Summer begins at 6:09pm.  In Middle Tennessee, the sun today rose at 5:30am, then sets at 8:07pm, giving us 14.6 hours of sunlight.  The longest day of the year.

I’ve always had a complicated relationship with the Summer Solstice.  Here in Tennessee I feel a little cheated, perhaps because of our latitude.  If I was in Seattle today I’d have a full 16 hours of daylight, being so much further north.  It is one of the glorious delights of the North, the drastic changes in the amount of light make you value the seasons.  It somehow gives you more visible seasonal drama beyond mere temperature changes and plants returning to life.  And yet, even in the Great North I always felt the Summer Solstice to be somewhat bittersweet.

The light diminishes after flaring it’s brightest on this day.  In Tennessee it means less in than it does in the North, as it will never get as dark in winter, so there is less burden to bear on that end.  Indeed, the longest days of summer are still ahead of us, if we are measuring by heat, laziness and availability of good food cooked outside on a grill.  But the light passing has always felt like loss to me.  A downward journey that eventually ends in the darkness of winter.  The beauty of autumn is joy to behold.  As is the desolation of winter in it’s own way.  Still today feel like an ending, a turn we took, walking away from spring.

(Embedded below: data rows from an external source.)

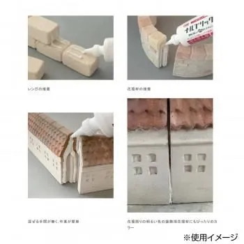 塗るだけでレンガや花壇材を簡単に接着できる、手軽な接着剤です。タレにくいペースト状でノズル付きのため、レンガの側面や目地にも塗りやすく作業が楽にできます。適度な骨材が含まれるのでレンガを積んだ際に目地からはみ出しにくくなっています。色はややグレーがかった落ち着いたホワイト。ベージュやホワイトのレンガや、花壇周りの明るい色の装飾用花壇材にもぴったりのカラーです。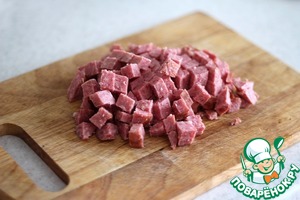 Нарежем небольшими кусочками сервелат (на фото 4 ломтика, но как по мне - 2 будет достаточно)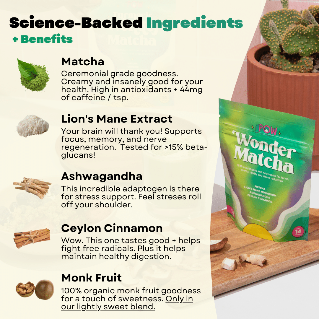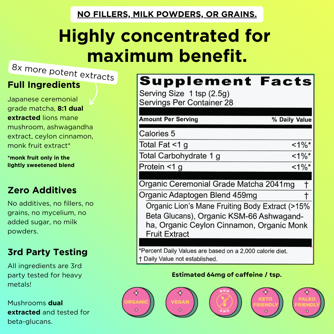 This insanely tasty blend of organic ceremonial grade matcha (from Uji Japan), functional mushrooms, and adaptogens is formulated to rejuvenate your body and mind. Matcha for serene energy and incredible health benefits, functional mushroom extracts to increase your focus and productivity, and adaptogens to help you manage stress and anxiety.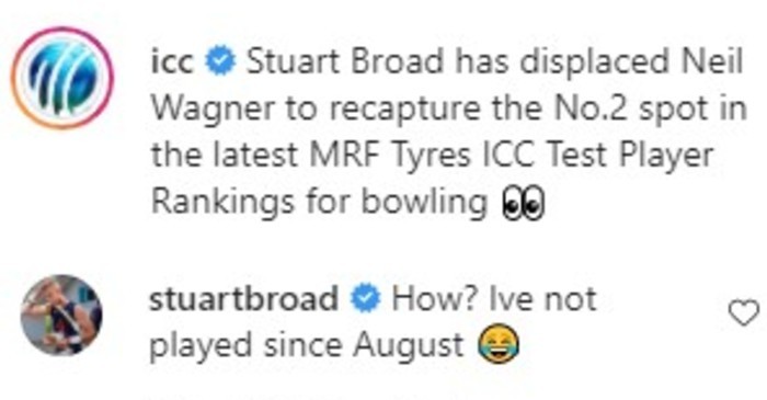 But when the ICC released their rankings, Broad managed to replace Wagner to capture the second position. This made even Broad surprised as he commented on ICC’s official Instagram handle. He responded in a cheeky way and asked: “How? I’ve not played since August.”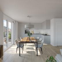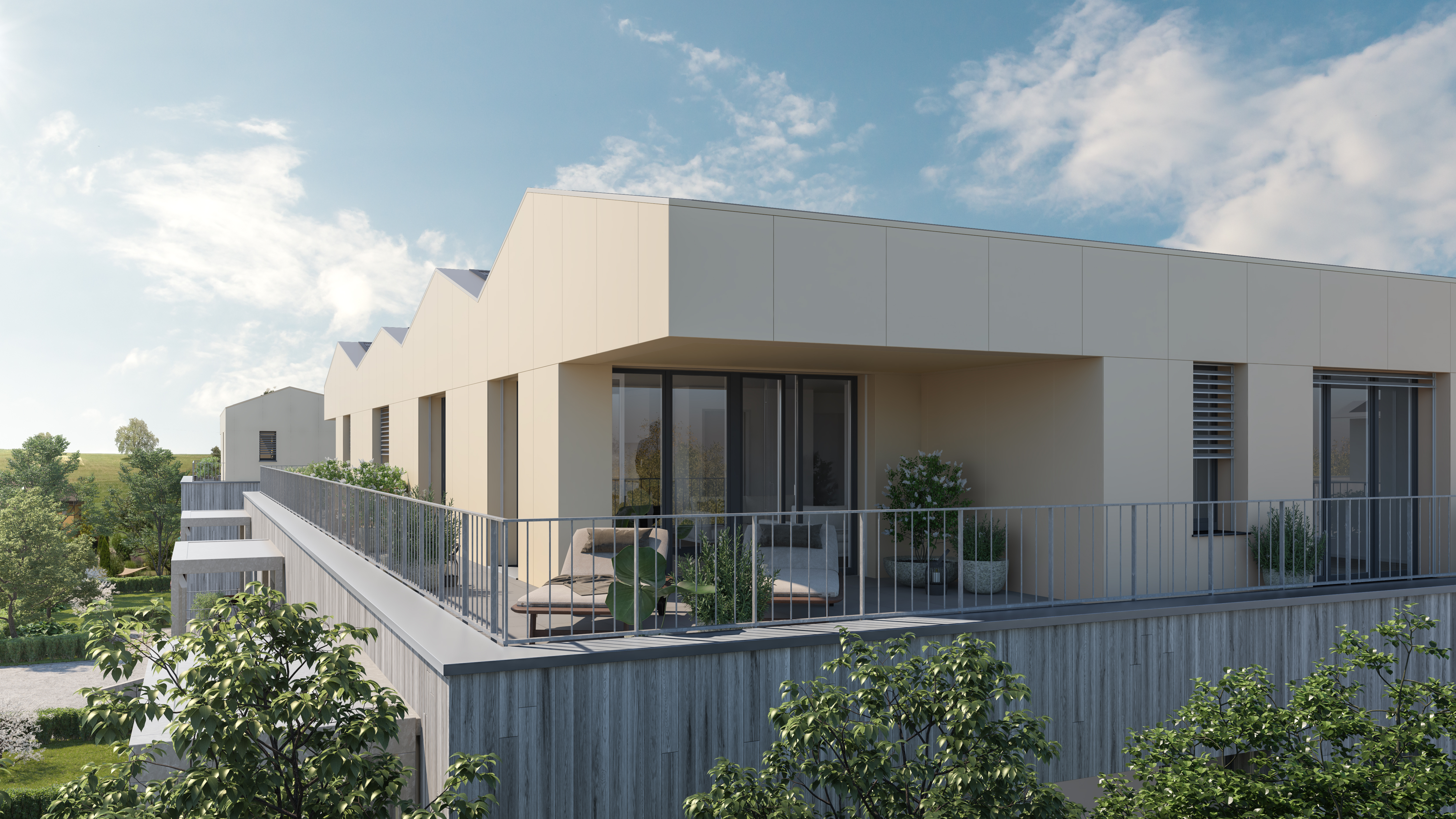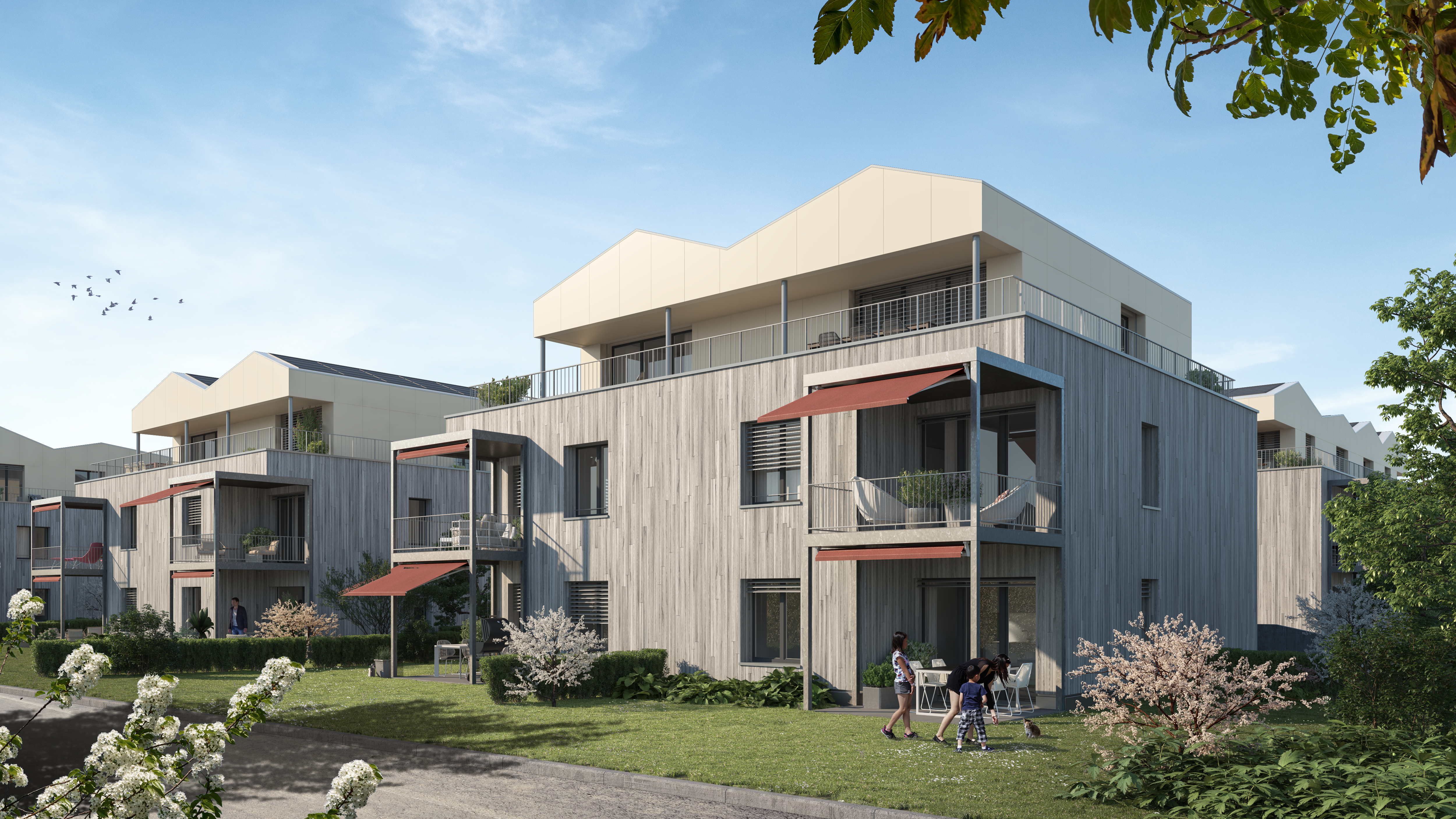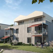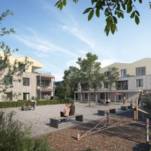 In Lotzwil realisieren wir elf Wohneinheiten. Total 80 Miet- und Eigentumswohnungen werden in Holzbauweise gebaut. Das Herzstück der Überbauung ist der zentral gelegene öffentliche Platz. Die Gebäude sind unterschiedlich in Ausrichtung und Erschliessung angeordnet. Die insgesamt sieben Gebäudetypen verfügen über eine individuelle Architektur, welche sich unter anderem in Volumen, Ausrichtung und Grundrisstypologie voneinander unterscheiden. Auf diese Weise gelingt es dem Projekt, die unterschiedlichsten Bedürfnisse und Erwartungen je nach Lebenssituation abdecken zu können. Die Überbauung ist oberirdisch weitgehend autofrei. Auf dem Grundstück befinden sich lediglich einige Besucherparkplätze.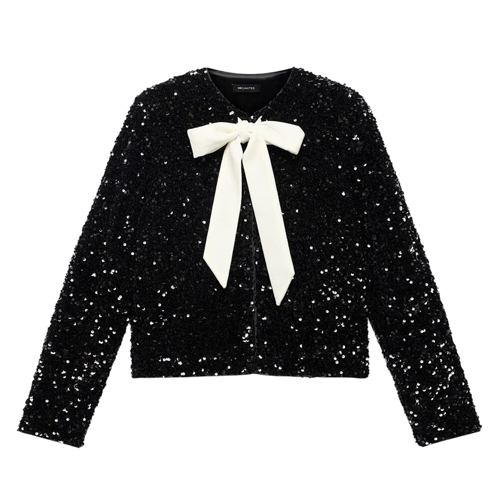 - Black sequin jacket featuring a crew neckline, long sleeves and contrast bow fastening through the front.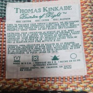Thomas Kinkade cottage house, made in usa, 100% cotton throw blanket, painter of light. in used condition. see pics for details of condition and measurements. a few pulls similar to the one shown.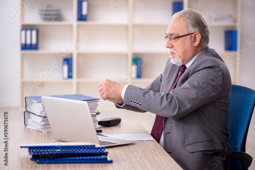 Old male employee working in the office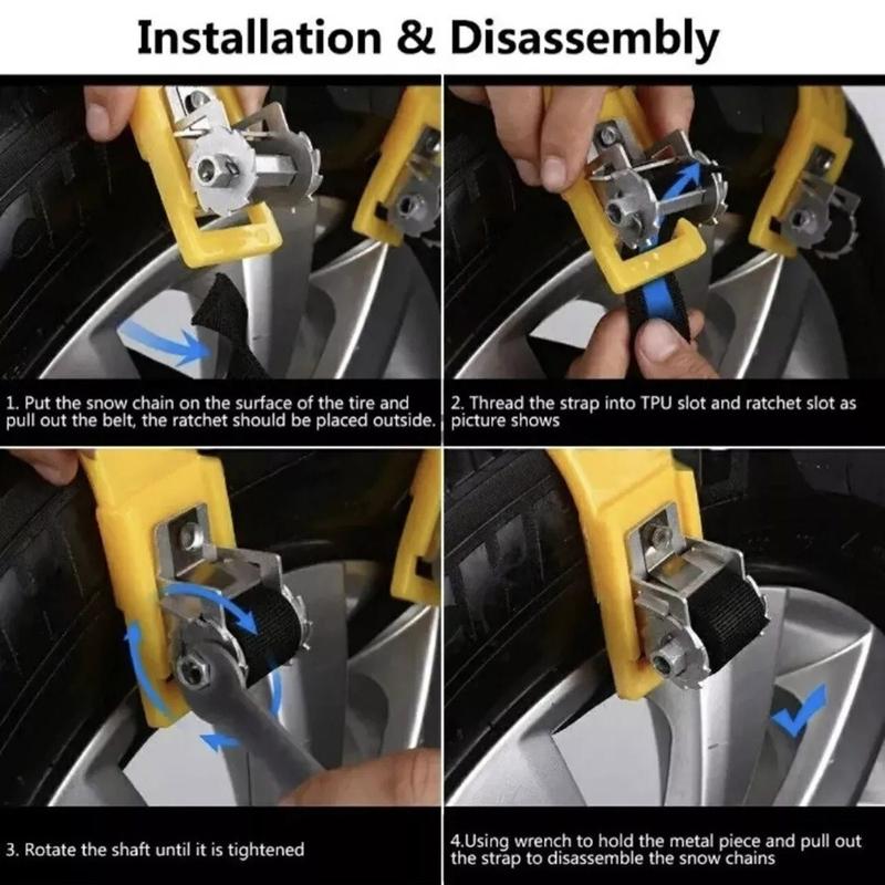 Grâce aux boucles de verrouillage et à la fixation semi-intelligente, l'installation est rapide et sans problème. Vous pouvez les mettre ou les enlever en quelques minutes sans l'aide d'un professionnel, ce qui les rend pratiques pour les situations d'urgence sur le bord de la route.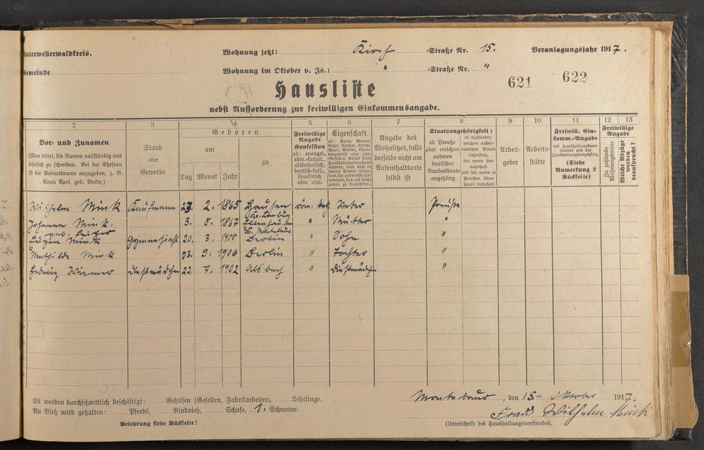 Haushaltsliste 1917/18, Kaiserstraße bis Markt

Fortunately spring will return next year, no matter what we do, and on the Winter Solstice we can look longingly at the slow the return of the light,  knowing that spring must come on the heels of the sun’s return.

I don’t know the origins of my dark view of midsummer.  Perhaps growing up so far north, where the loss of the sun means so much darkness.  Perhaps it’s burned in genetic memory from my Scandinavian and Scottish ancestors.  It’s no mystery that the Scandinavian cultures, and for northern European ones, celebrate Midsummer as a massive festival.  Because indeed today feels massive, like the most there is, the best you can have, ALL the sunlight.  And yet it is only today, quickly fleeting, like everything in life.